3) Well, if I make my heroine pretty beyond words than she’s a self assured young woman and just plain awesome.
No, PC and Kristin Cast, no.
I like a confident heroine. But when you have Zoey Redbird, House of Night, who’s about as vain as Gaston from Beauty and the Beast fame. It doesn’t work. It sort of has the same affect as the I’m Prettier than I Think I am Heroine. In other words, it makes you want to rip her throat out. And having a heroine described like this isn’t so much unhealthy as annoying. Sure, I think it’s unhealthy in the sense that these heroines make physical beauty to be some sort of virtue, but what’s worse is that it shows a lack of character development.
4) Teens change their appearance all the same, so what if my MC zaps herself a new butt. She has superpowers. If you had superpowers you’d zap yourself a Kardashian rear too.
There’s dyeing your hair and then there’s giving yourself radical plastic surgery via magic which is what occurs in Brittany Geragotelis’s What the Spell?. The book itself spends three pages depicting the change a pretty but quasi mousy girl to looking like Barbie. It’s disgusting. It’s disturbing. And yet, Brooklyn is a character that we’re supposed to identify with. After all, all of us want to zap are problem areas a way too, right? Well, maybe…but do we (well, there is plastic surgery), but to be honest this isn’t merely fixing one problem this is overhauling ones entire appearance. And in many books this happens to a degree. Maybe not all at once, but characters do undergo physcial transformations. Bella, for instance, becomes a beautiful vampire in Breaking Dawn (the fact that she just gave birth seems overshadowed, since she’s given a supermodel body when in reality she should spend eternity with a postpartum body). Showing that you can change yourself with the snap of your fingers and that it’s perfectly okay to scrub any semblance identity away isn’t a healthy message.

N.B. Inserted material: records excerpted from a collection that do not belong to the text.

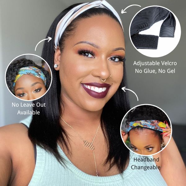 ● Is Headband Wig Glueless? Yes! All of our wigs are with Adjustable Strap & Drawstring ,so you don't need to use glue or gel to fix it tight for wearing.
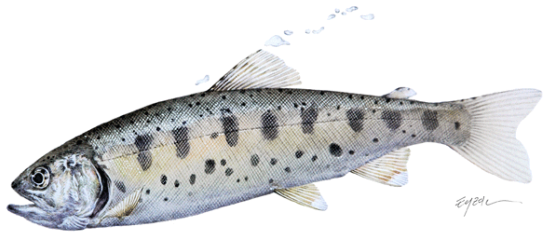 산천어는 연어목 연어과로서, 물이 맑고 수온이 연중 20℃를 넘지 않고, 용존 산소량이 9ppm을 넘는 1급수 맑은 계곡에서 서식하는 냉수성 토종 민물고기입니다.
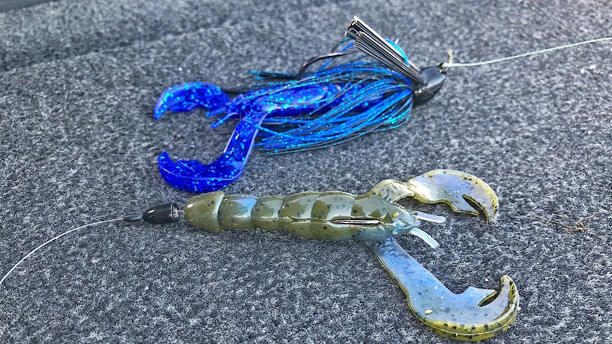 Soft plastics such as the Strike King Rage Craw produce a subtle kicking motion that adds realism when worked slowly across the bottom.
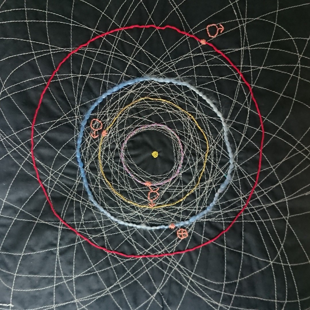 Techniques used: Machine embroidered asteroid ellipses. Various embroidery stitches including couching for the planet orbits and the symbols for the 4 inner planets
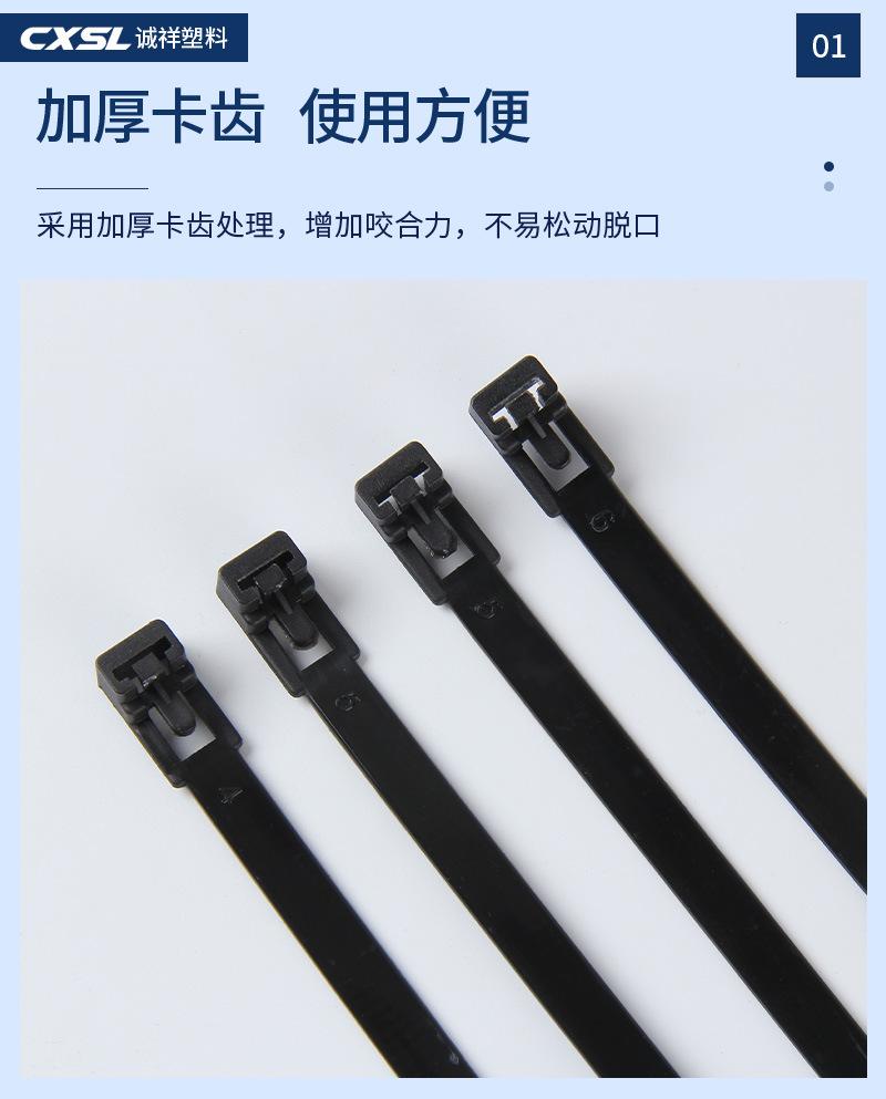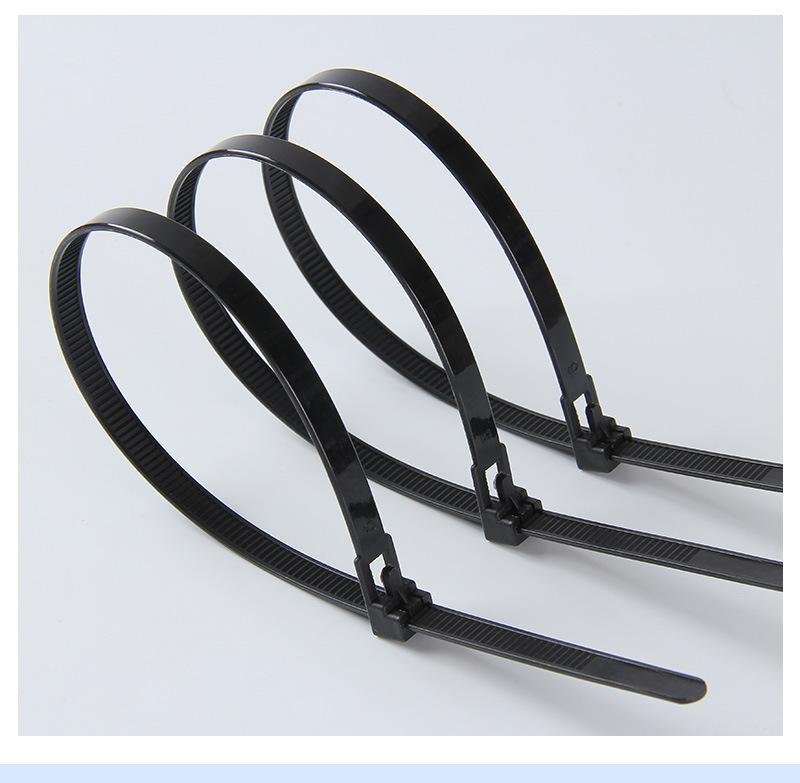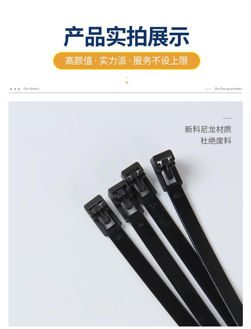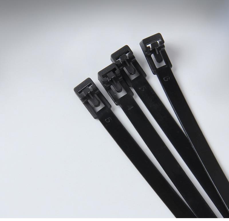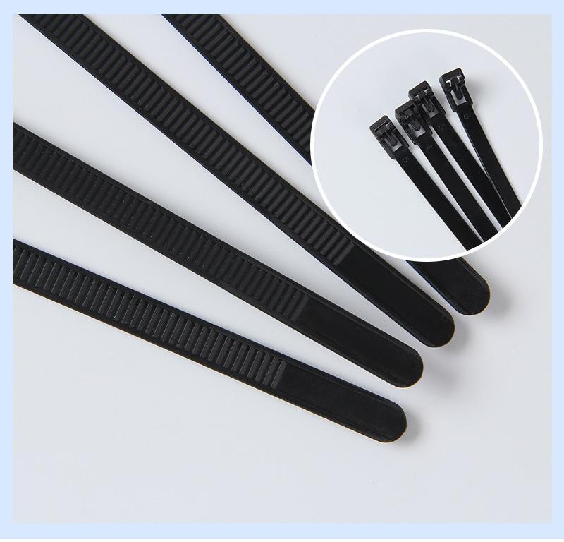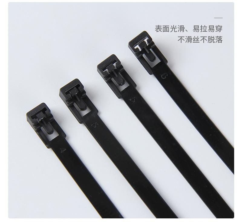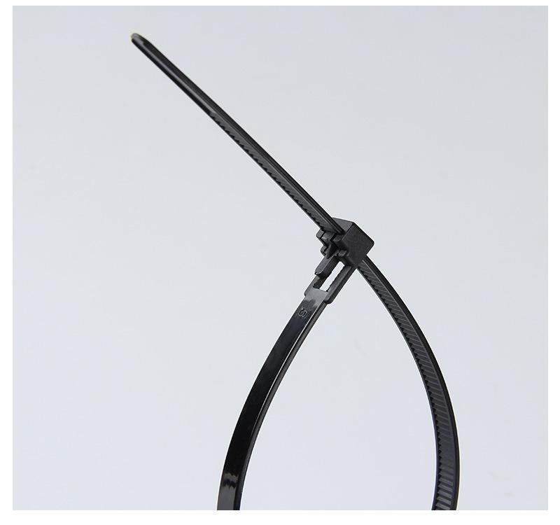 Brida de nailon negra resistente al frío, resistente a la corrosión, con cuerda fija, correa de alambre, hebilla de plástico, brida autoblocante

5)Its fiction. And so what if I my character has the perfect butt.
Two words: Mary Sue. Seriously, there are so many annoying YA characters with perfect butts and perky breasts that fail the Sue litmus test, it’s not difficult to see why they have said perfect assets (wish fulfillment). Oh, and that fiction excuse it’s really flimsy just like Stephenie Meyer’s logic in Breaking Dawn and we all know how purdy Bella looked after her transformation.